Records from a collection ::
....................
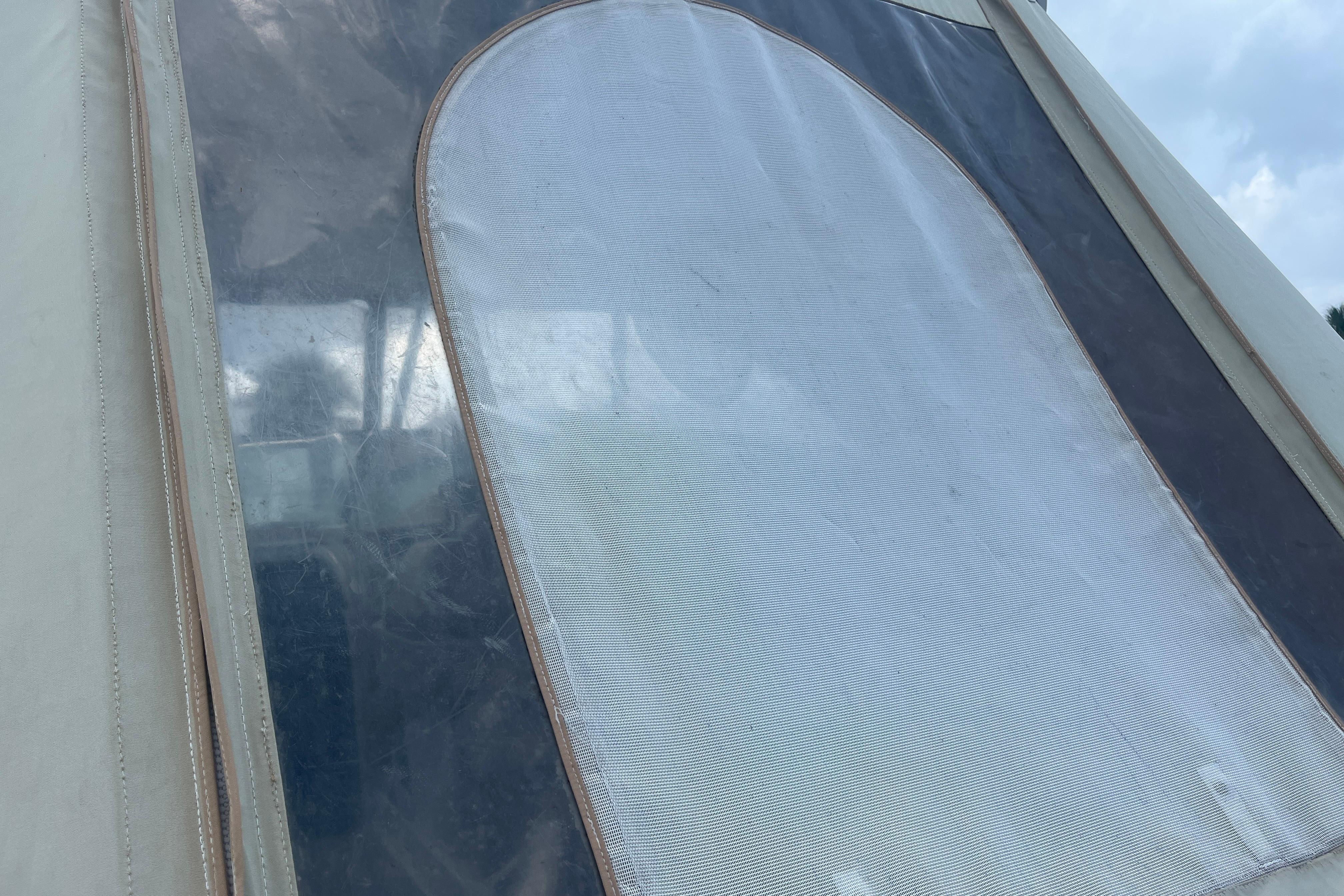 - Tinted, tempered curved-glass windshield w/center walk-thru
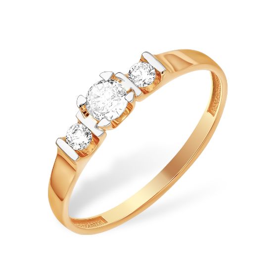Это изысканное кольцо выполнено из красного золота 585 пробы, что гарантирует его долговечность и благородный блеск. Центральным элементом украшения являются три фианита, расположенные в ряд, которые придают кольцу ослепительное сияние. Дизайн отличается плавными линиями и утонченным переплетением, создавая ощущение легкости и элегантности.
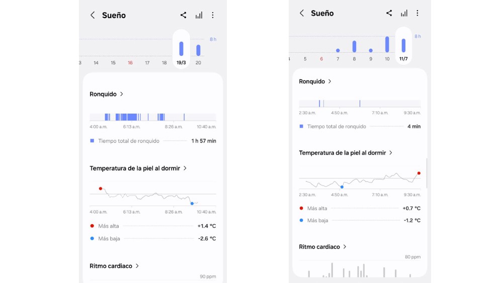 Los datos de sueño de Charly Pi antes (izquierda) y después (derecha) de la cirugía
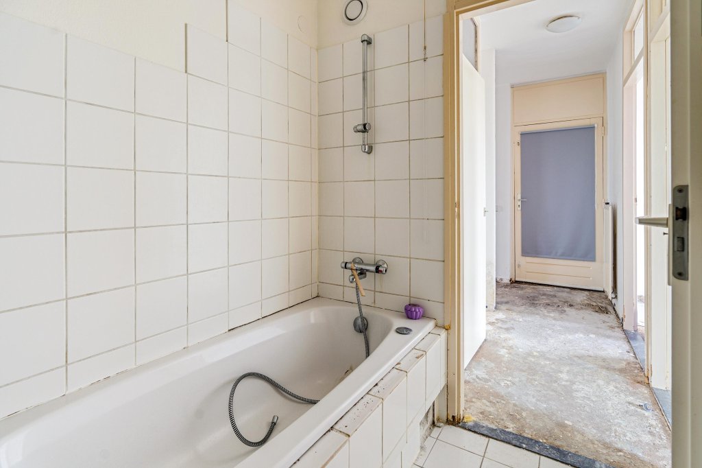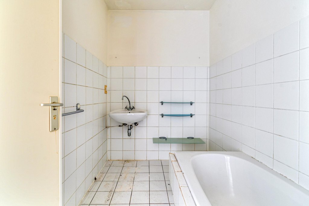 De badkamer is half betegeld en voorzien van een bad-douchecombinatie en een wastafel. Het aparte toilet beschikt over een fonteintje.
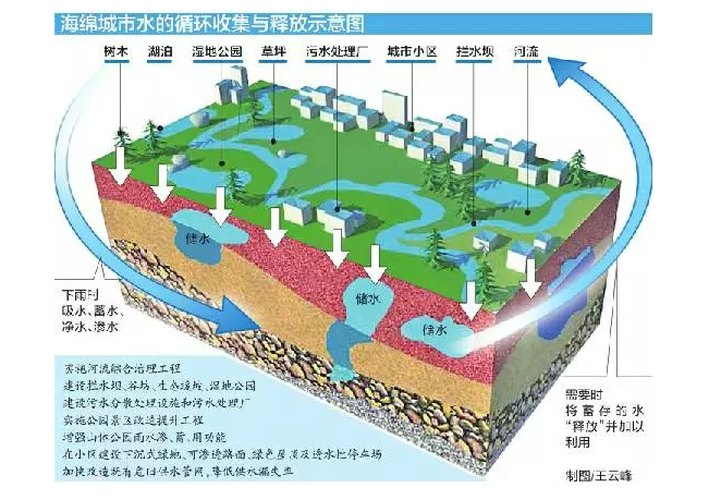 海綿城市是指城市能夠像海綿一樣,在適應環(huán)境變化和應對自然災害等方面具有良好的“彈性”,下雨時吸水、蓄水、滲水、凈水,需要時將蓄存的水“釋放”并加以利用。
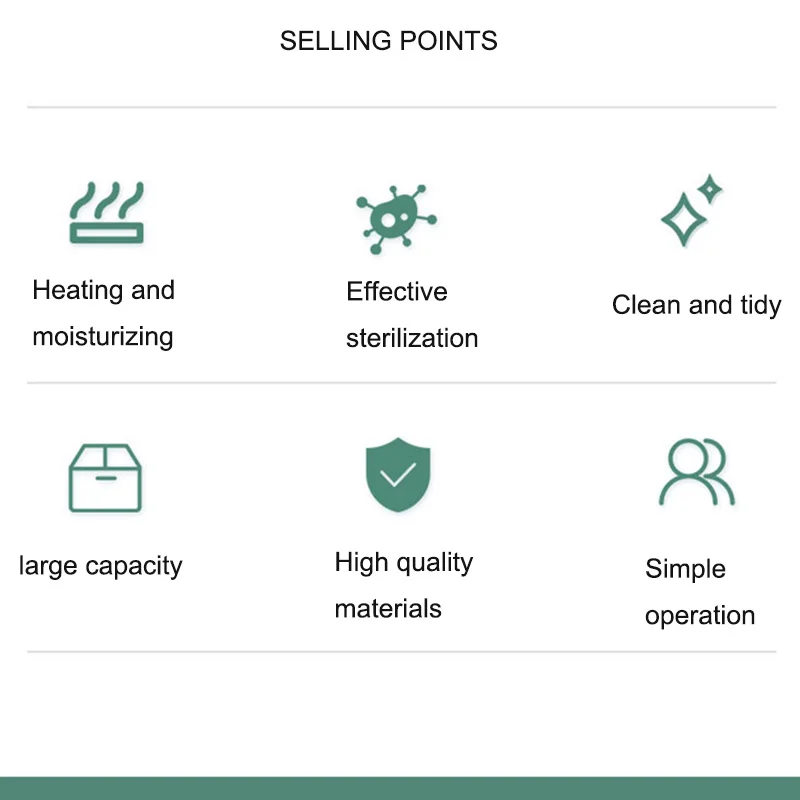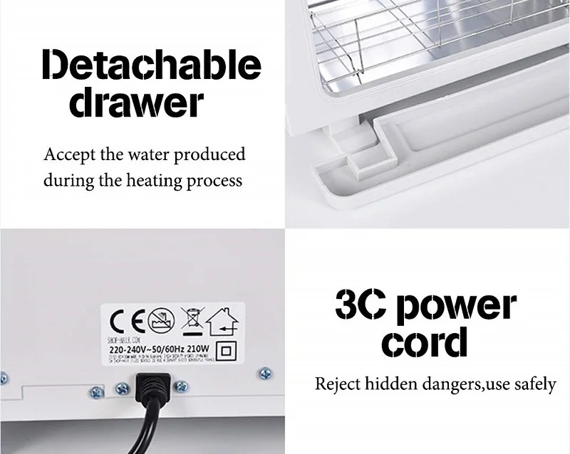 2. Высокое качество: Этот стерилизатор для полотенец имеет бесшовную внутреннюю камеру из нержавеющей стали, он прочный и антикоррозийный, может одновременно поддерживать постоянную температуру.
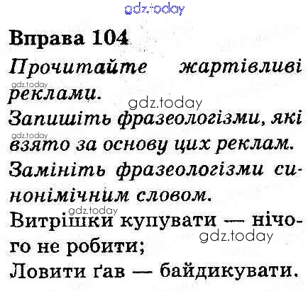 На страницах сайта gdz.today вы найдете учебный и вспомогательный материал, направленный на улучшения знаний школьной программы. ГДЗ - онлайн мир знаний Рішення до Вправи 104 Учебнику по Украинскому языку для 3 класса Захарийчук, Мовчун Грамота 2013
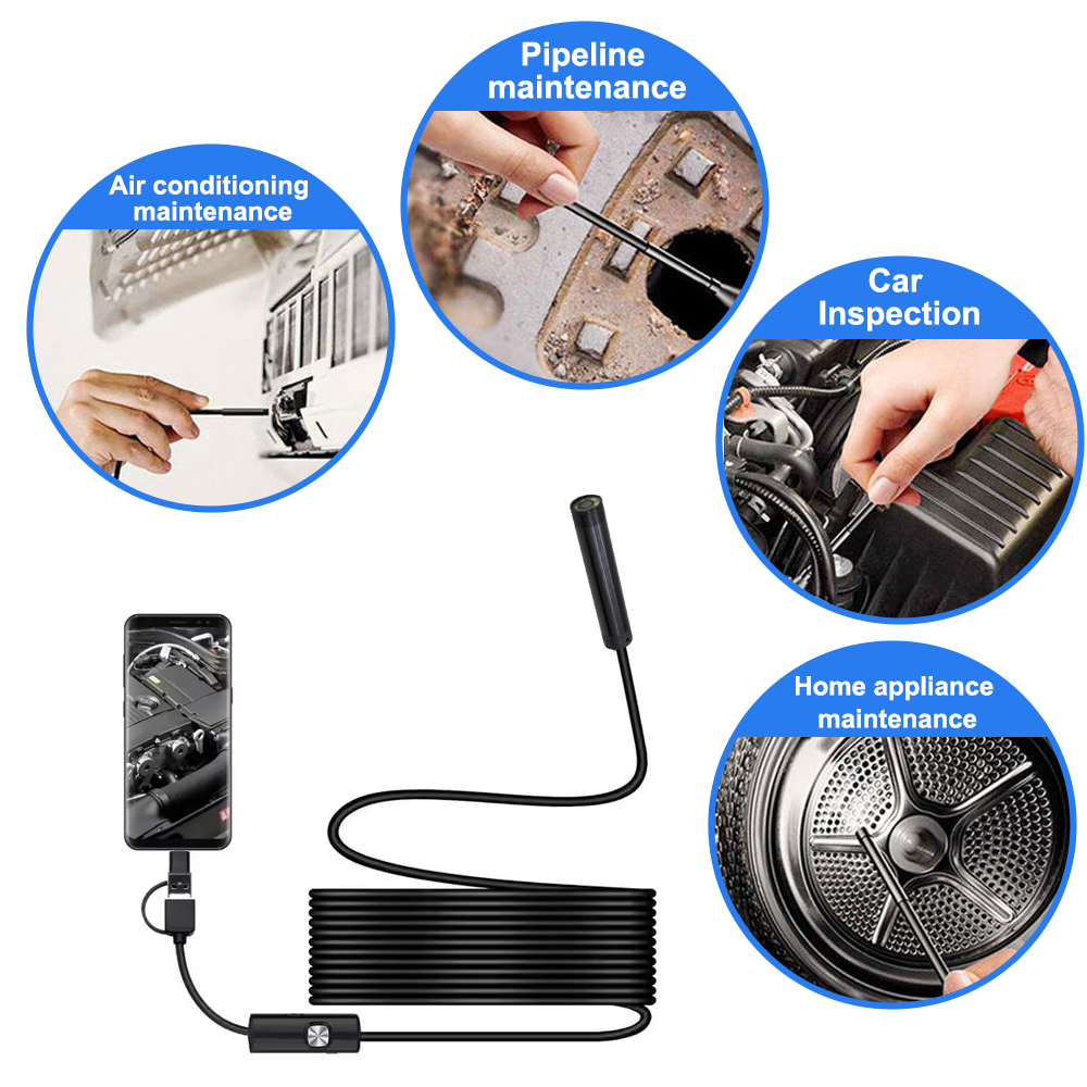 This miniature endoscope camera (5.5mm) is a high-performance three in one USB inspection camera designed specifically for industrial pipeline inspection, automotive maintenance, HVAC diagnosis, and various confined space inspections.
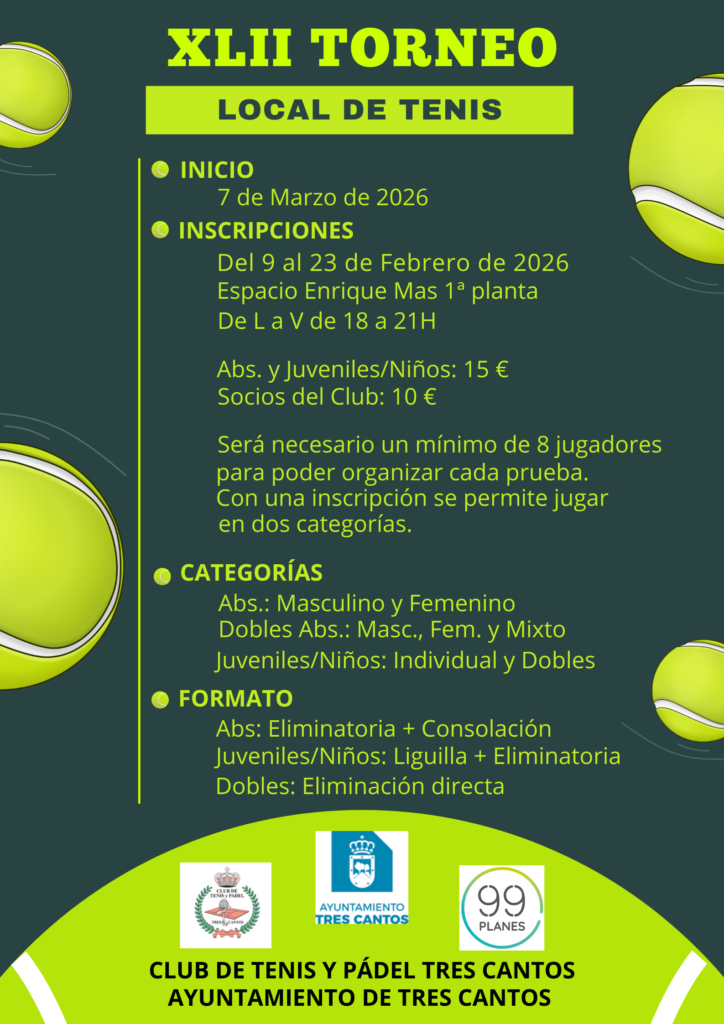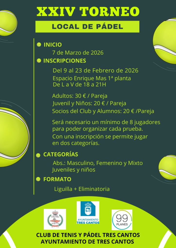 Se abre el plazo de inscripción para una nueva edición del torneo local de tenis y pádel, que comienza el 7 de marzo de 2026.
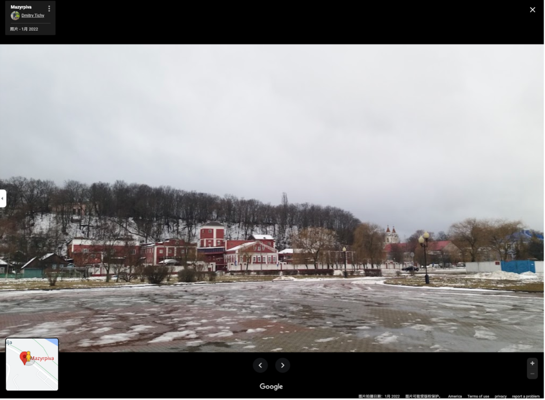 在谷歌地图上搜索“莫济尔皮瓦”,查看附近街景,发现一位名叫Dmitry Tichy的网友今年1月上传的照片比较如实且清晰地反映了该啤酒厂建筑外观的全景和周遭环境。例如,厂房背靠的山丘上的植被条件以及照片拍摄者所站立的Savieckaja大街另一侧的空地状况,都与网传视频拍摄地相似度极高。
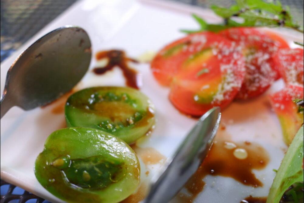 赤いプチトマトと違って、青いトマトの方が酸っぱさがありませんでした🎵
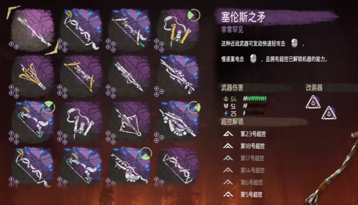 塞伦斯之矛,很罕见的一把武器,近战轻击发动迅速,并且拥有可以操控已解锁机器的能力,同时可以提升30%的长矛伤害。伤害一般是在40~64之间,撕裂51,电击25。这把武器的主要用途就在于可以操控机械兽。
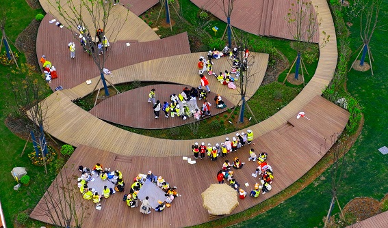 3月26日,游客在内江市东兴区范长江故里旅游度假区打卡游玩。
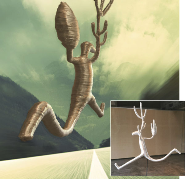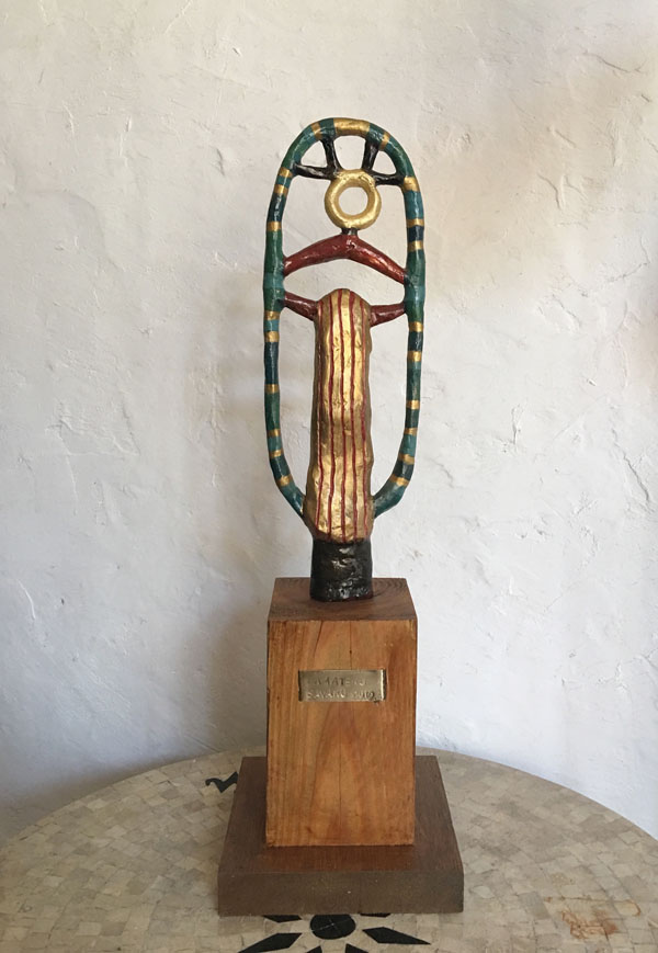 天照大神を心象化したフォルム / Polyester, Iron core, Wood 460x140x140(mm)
....................
Activity :: Without any pictures, please write out the lines from the one containing "3月26日,游客在内江市东兴区范长江故里旅游度假区打卡游玩。" through the final line of the data, exactly and inclusive of both ends.

Solution for this problem ::
 3月26日,游客在内江市东兴区范长江故里旅游度假区打卡游玩。
 天照大神を心象化したフォルム / Polyester, Iron core, Wood 460x140x140(mm)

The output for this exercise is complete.